# Secondary Door locks



## Garcia (Mar 5, 2010)

Has anyone fitted secondary "Thule type" door locks?????

Any other make to recommend? Any probs with fitting them?

I did fit them on my old, Fiat based, van but am a bit doubtful on the new (second hand) Hymer. The gap inside the door doesn't seem wide enough to take the internal plate.Certainly don't fancy trying to get behind the sink unit if I'm right and the lock don't fit!
Garcia


----------



## gavinskii (Dec 31, 2012)

Are you talking habitation door or cab doors?


----------



## Garcia (Mar 5, 2010)

Hab door and garage door is my plan.....
Garcia


----------



## gavinskii (Dec 31, 2012)

Well I don't know if this is any help, but I bought one of these for our old Hymer

http://www.ebay.co.uk/itm/Fiamma-Sa...ervan_Caravan_Accessories&hash=item2a33034c22

Probably one of the easiest jobs I have ever done + a great visual deterrent


----------



## NeilandDebs (Aug 28, 2008)

*Additional locks*

I have 3 Fiamma white locks on my van. All work off the same key.
They arefitted on the cab, habitation and large garage door..

Neil


----------



## Garcia (Mar 5, 2010)

Thanks for that.
It's just like the ones I fitted to my old van, but on this current one,the rubber moulding around the door, means that the lock wouldn't lie flush against the van wall and I guess I'd have to cut it away.
I'm also a little unsure what I'd be drilling in to to fit the screws holding the lock to the frame
Garcia


----------



## 113016 (Jun 5, 2008)

Garcia, check this thread out. I fitted four from Harrison Locks

http://www.motorhomefacts.com/ftopic-142479-days0-orderasc-0.html

Scroll down to see how neat they look
http://www.motorhomefacts.com/ftopic-142479-days0-orderasc-10.html

A link to the seller
http://www.motorhomelocks.co.uk/Home.php


----------



## TheNomad (Aug 12, 2013)

Maybe consider these:

Fiamma security handle -

http://www.fiammastore.com/Fiamma-S...iamma-Security-31-and-46-Security-Door-Handle

And this addition to the handle -

http://www.fiammastore.com/Fiamma-S...s/Fiamma-Kit-Security-Lock-Safety-Handle-Lock

I've fitted both to the hab door on our motorhome, and managed to locate the security handle so that when folded against the hab door it covers the original made-of-cheese door lock keyhole.

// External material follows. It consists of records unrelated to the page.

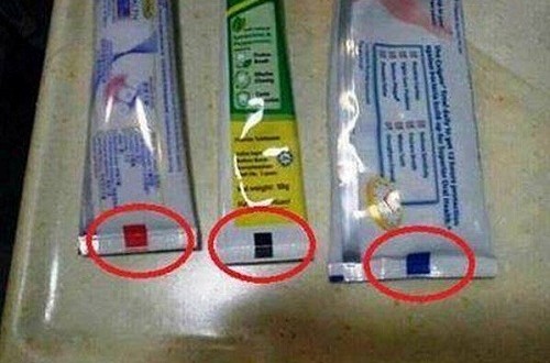 Pero entonces ¿Qué significan las marcas de colores en los tubos de la pasta de dientes?, las pastas de dientes son mezcladas y embotelladas por maquinas industriales, estas máquinas funciones a bases de sensores de luz que identifican el comienzo y el final de cada empaque dependiendo su tamaño, como lo que más se vende son pastas de dientes tamaño mediano a grande son las que más se producen y tratándose de largas tiras de aluminio compuesto se les marca con colores fuertemente pigmentados para que los sensores sepan dónde deben cortar y doblar cada tubo.
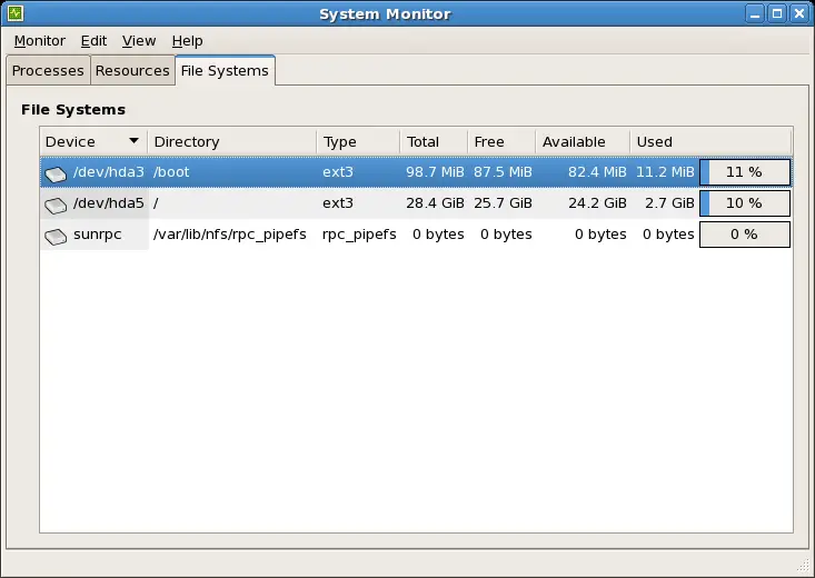 To view the system's partitions and disk space usage in a graphical format, use the Gnome System Monitor by clicking on > > or using the command gnome-system-monitor. Select the File Systems tab to view the system's partitions. The figure below illustrates the File Systems tab.
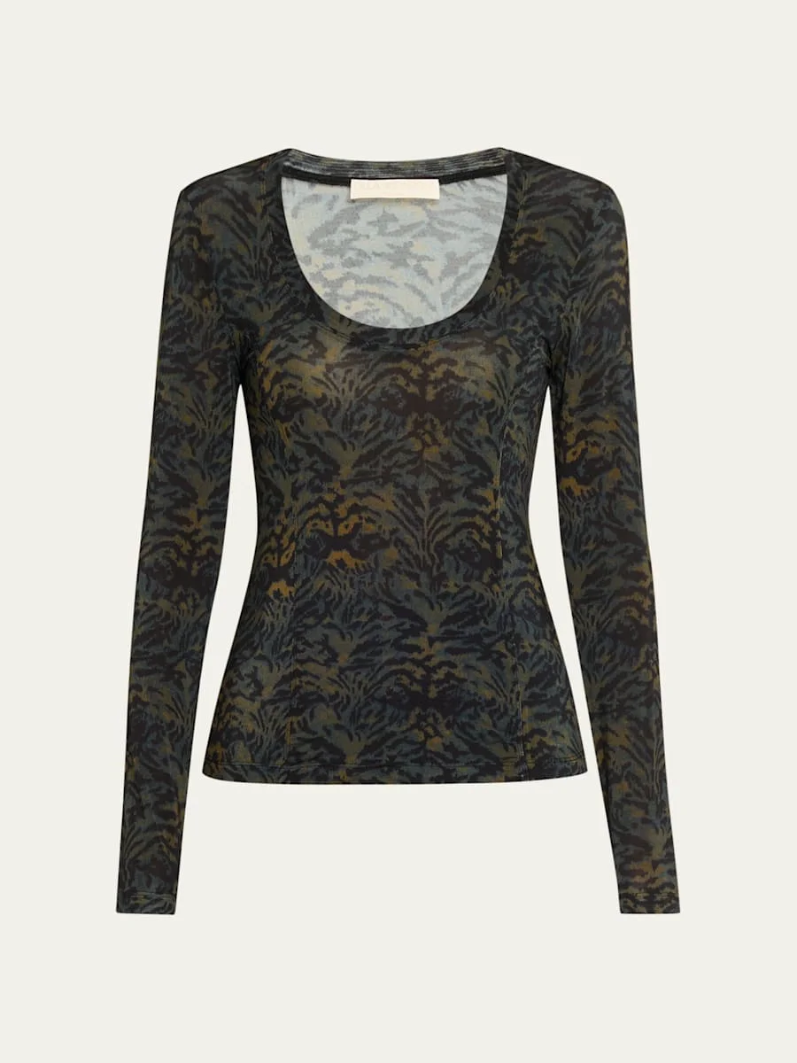 Ulla Johnson "Aris" soft jersey top decorated in an intricate paisley-print Scoop neckline Long sleeves Easy fit Hem sits at the hip Pullover style Rayon/cellulose acetate/elastane Imported Online Inquiries: BGS21_T6YRM| Store Inquiries: #5060412
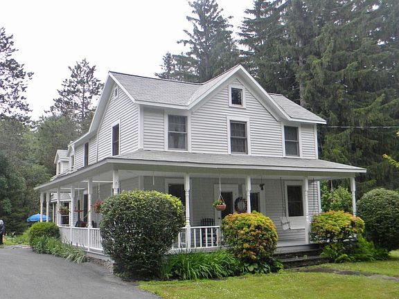 11+ ACRES ~ COUNTRY FARMHOUSE WITH STRIKING RENOVATIONS. Features hardwood flooring, Floor to ceiling brick fireplace, Modern kitchen w/granite counters and custom cabinets plus a formal dining room. 3 bedrooms plus a loft & study on 2nd floor with balcony overlooking manicured grounds. Office has gorgeous custom build ins. Covered front and side porch with 2 car detached garage and horse shoe driveway. 2 BARNS recently re-sided with water hook up to both barns for garage and loft over garage. One Barn has workshop and 2nd barn has 2 horse stalls. Private and Scenic trails all on 11.19 landscaped acres. Must see to appreciate.
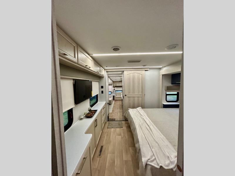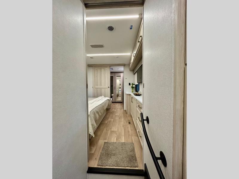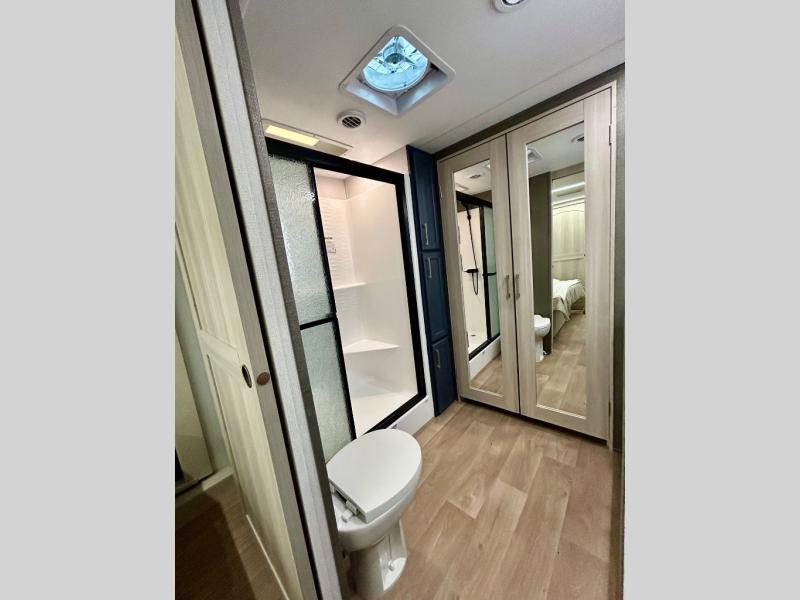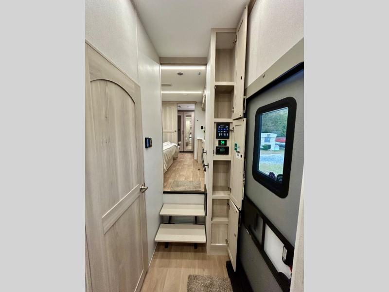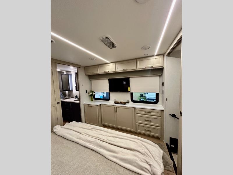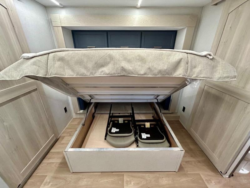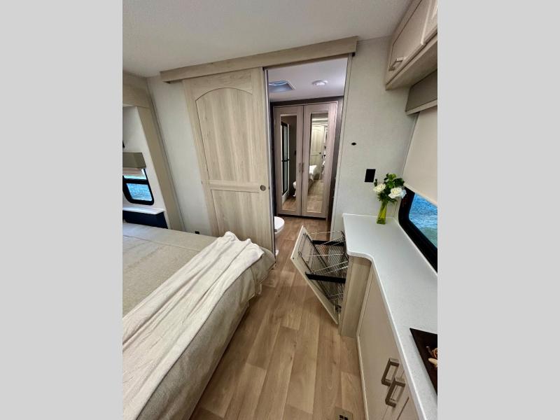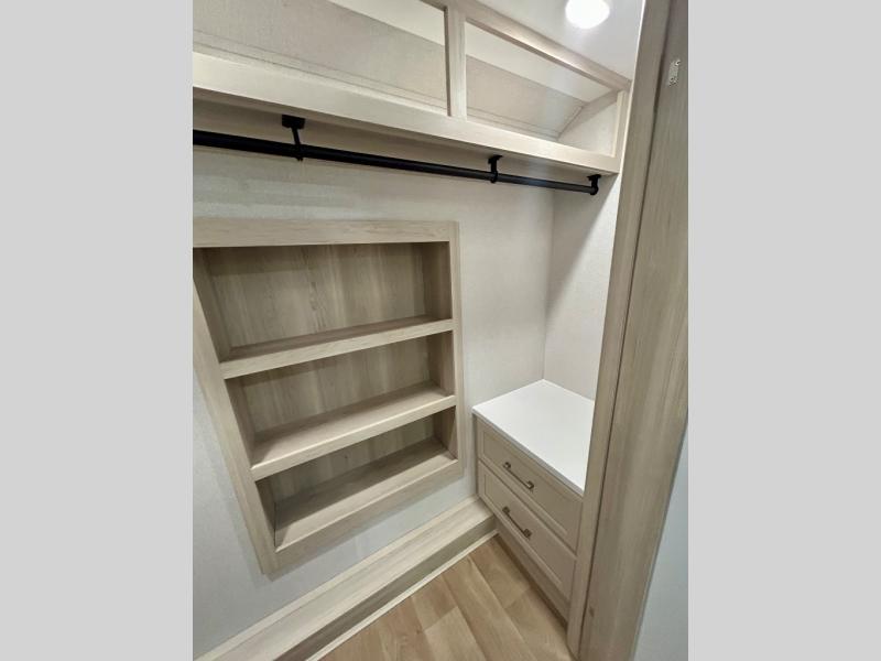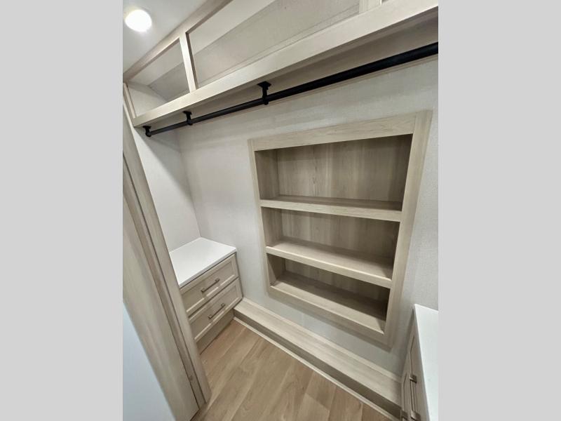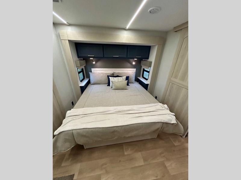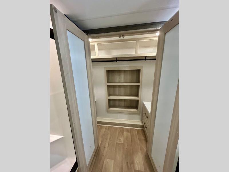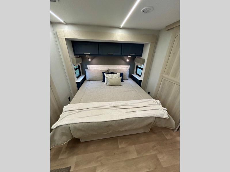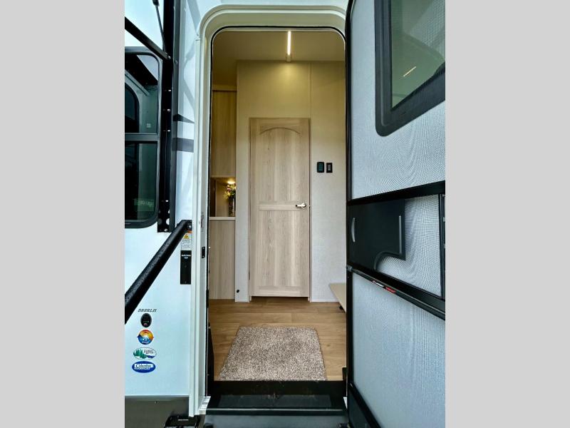 Experience a different camping life with residential furnishings and high-end features in each one of these Forest River Columbus fifth wheels! Durable construction begins with a 101" wide body, an all-welded aluminum frame superstructure, and high-gloss fiberglass vacuum bonded walls and slide out ends with dual Azdel. You will appreciate the Lippert axles, MORryde CRE 3000 suspension system, and 16" wheels with nitrogen-filled tires for a smooth tow from home to campground. Additional exterior features include a tire pressure monitoring system, a heated utility convenience center, an outside sprayer, and slam latch on all the storage doors. Inside, you'll be met with many luxurious amenities, including residential style crown molding throughout, roller day/night shades, upgraded true solid surface countertops in the bath and kitchen, plus solid wood steps.
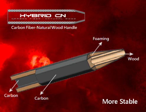 Ketsjerens håndtag: Træ, carbon-fiber, "resin-foam" giver den perfekte føling med ketsjeren
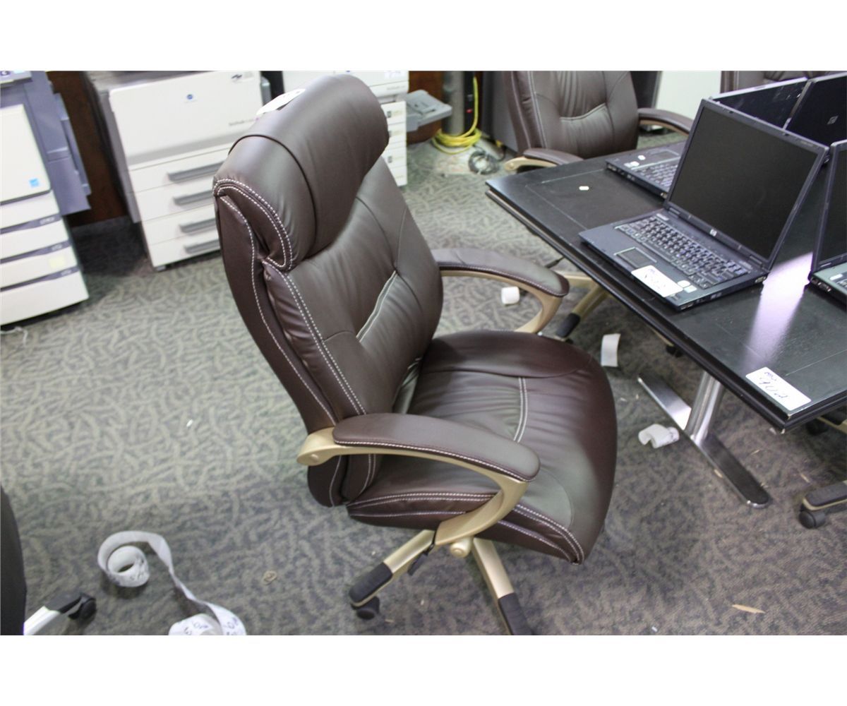 BROWN LEATHER OVERSTUFFED EXECUTIVE CHAIR

I have also fitted a Thule "inside Out" lock to the door as well - and I reckon it's far better than the Fiamma style ones.....as it's name suggests you can as well as locking it from outside using the key, you can also turn it to the locked position from INSIDE the motorhome, so it's great as a deterent at nightitme when sleeping inthe vehicle:

http://www.thule.com/en/gb/products/rv-accessories/security/locks/thule-inside-out-lock-_-309834

(I've also fitted heosafe key-required internal locks on both front vehicle doors, and external high-security deadlocks on them both too...another very good visual deterrent).


----------